Minimize $X_1^3-5 X_1^2+8 X_1+X_2^3-2 X_2^2-10 X_2+10$
Subject to
$$\begin{array}{r} X_1+X_2 \leq 4 \ X_1, X_2 \geq 0 \end{array}$$
Stage: Each variable
State: Resource available for allocation
Decision variable: Values of $X_1$ and $X_2$
Criterion of effectiveness: Minimize $Z$
In this problem we first solve for variable $X_1$ and then for variable $X_2$. The objective function is rewritten as:
Minimize $X_2^3-2 X_2^2-10 X_2+X_1^3-5 X_1^2+8 X_1+10$
One more stage to go $n=1$
\begin{aligned} f_1\left(s_1, X_1\right) & =X_1^3-5 X_1^2+8 X_1+10 \ f_1^\left(s_1\right) & =\text { Minimize } X_1^3-5 X_1^2+8 X_1+10 \ 0 & \leq X_1 \leq s_1 \end{aligned} Differentiating with respect to $X_1$ and equating to zero, we get or $$\begin{array}{r} 3 X_1^2-10 X_1+8=0 \ X_1=2 \text { or } X_1=\frac{4}{3} \end{array}$$ Second derivative is $6 X_1-10$ and takes positive value for $X_1=2$ indicating minimum. Therefore, $X_1{ }^=2$ if $s_1 \geq 2$ and $X_1^=s_1$ if $s_1<2$. \begin{aligned} f_1^\left(s_1\right) & =8-20+16+10=14 \text { if } s_1 \geq 2 \ & =s_1^3-5 s_1^2+8 s_1+10 \text { if } 0=s_1<2 \end{aligned}
Since the function is cubic, we also verify the value of the function at $X_1=0$. At $X_1=0$, the value of $f_1\left(s_1\right)=10$ which is less than 14 and since $s_1$ can take only non-negative values we have $X_1^=0$ and $f_1^\left(s_1\right)=10$.
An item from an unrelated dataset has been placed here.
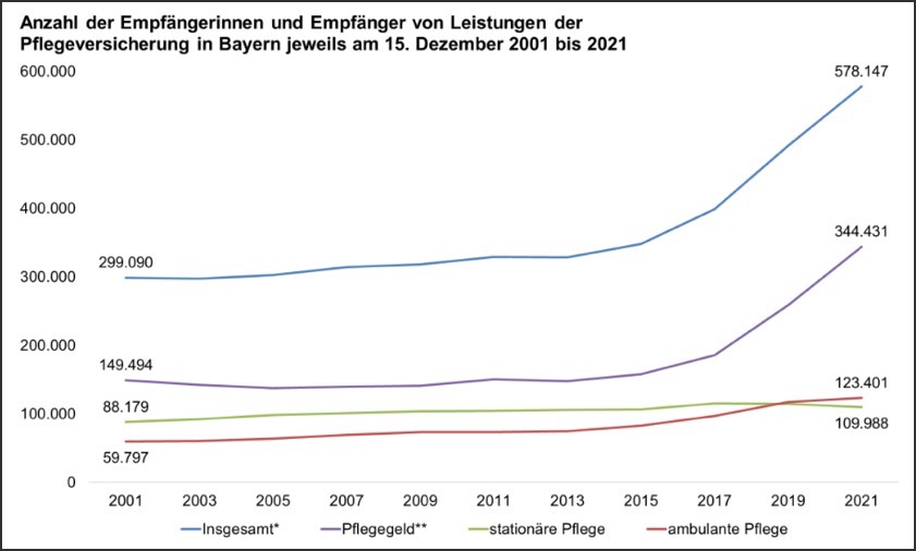 (ty) Insgesamt 578 147 Menschen haben zum Ende des vergangenen Jahres im Freistaat Leistungen der Pflege-Versicherung erhalten. "Das entspricht seit der letzten Erhebung im Jahr 2019 einer Zunahme von 17,5 Prozent", teilte das bayerische Landesamt für Statistik jetzt mit. Insgesamt habe sich die Zahl seit 2001 nahezu verdoppelt; damals waren es 299 090 Personen.

## 数学代写|运筹学代写Operations Research代考|ACTORIZING THE TERMS

Maximize $2 X_1+3 X_2+X_1 X_2$
Subject to
$$\begin{array}{r} X_1+X_2 \leq 2 \ X_1, X_2 \geq 0 \end{array}$$
Stage: Each variable
State: Resource available for allocation
Decision variable: Values of $X_1$ and $X_2$
Criterion of effectiveness: Maximize $Z$

In this example the term $X_1 X_2$ makes it difficult to separate the objective function in terms of separable functions of the variables. We factorize the objective function as:
$$\text { Maximize }\left(X_1+3\right)\left(X_2+2\right)-6$$
We can leave out the constant from the objective function and write the problem as:
Maximize $\left(X_1+3\right)\left(X_2+2\right)$
Subject to
$$\begin{array}{r} X_1+X_2 \leq 2 \ X_1, X_2 \geq 0 \end{array}$$
One more stage to go $n=1$
\begin{aligned} f_1\left(s_1, X_2\right) & =X_2+2 \ f_1^\left(s_1\right) & =\text { Maximize } X_2+2 \end{aligned} Subject to $0 \leq X_2 \leq s_1$ Here, the maximum value is at $X_2^=s_1$ and $f_1^\left(s_1\right)=s_1+2$ Two more stages to go $n=2$ \begin{aligned} f_2\left(2, X_1\right)= & \left(X_1+3\right) f_1^\left(2-X_1\right) \ f_2^\left(s_1\right)= & \text { Maximize }\left(X_1+3\right)\left(2-X_1+2\right) \ & \text { Subject to } 0 \leq X_1 \leq 2 \end{aligned} Maximize $\left(X_1+3\right)\left(4-X_1\right)$ Subject to $0 \leq X_1 \leq 2$ Maximize $-X_1^2+X_1+12$ Differentiating with respect to $X_1$ and equating to zero, we get $X_1=1 / 2$. The second derivative is negative indicating maximum. We have $X_1^=1 / 2, s_1=3 / 2$ and $X_2^*=3 / 2$ with $Z=49 / 4-$ $6=25 / 4$ (for the original problem)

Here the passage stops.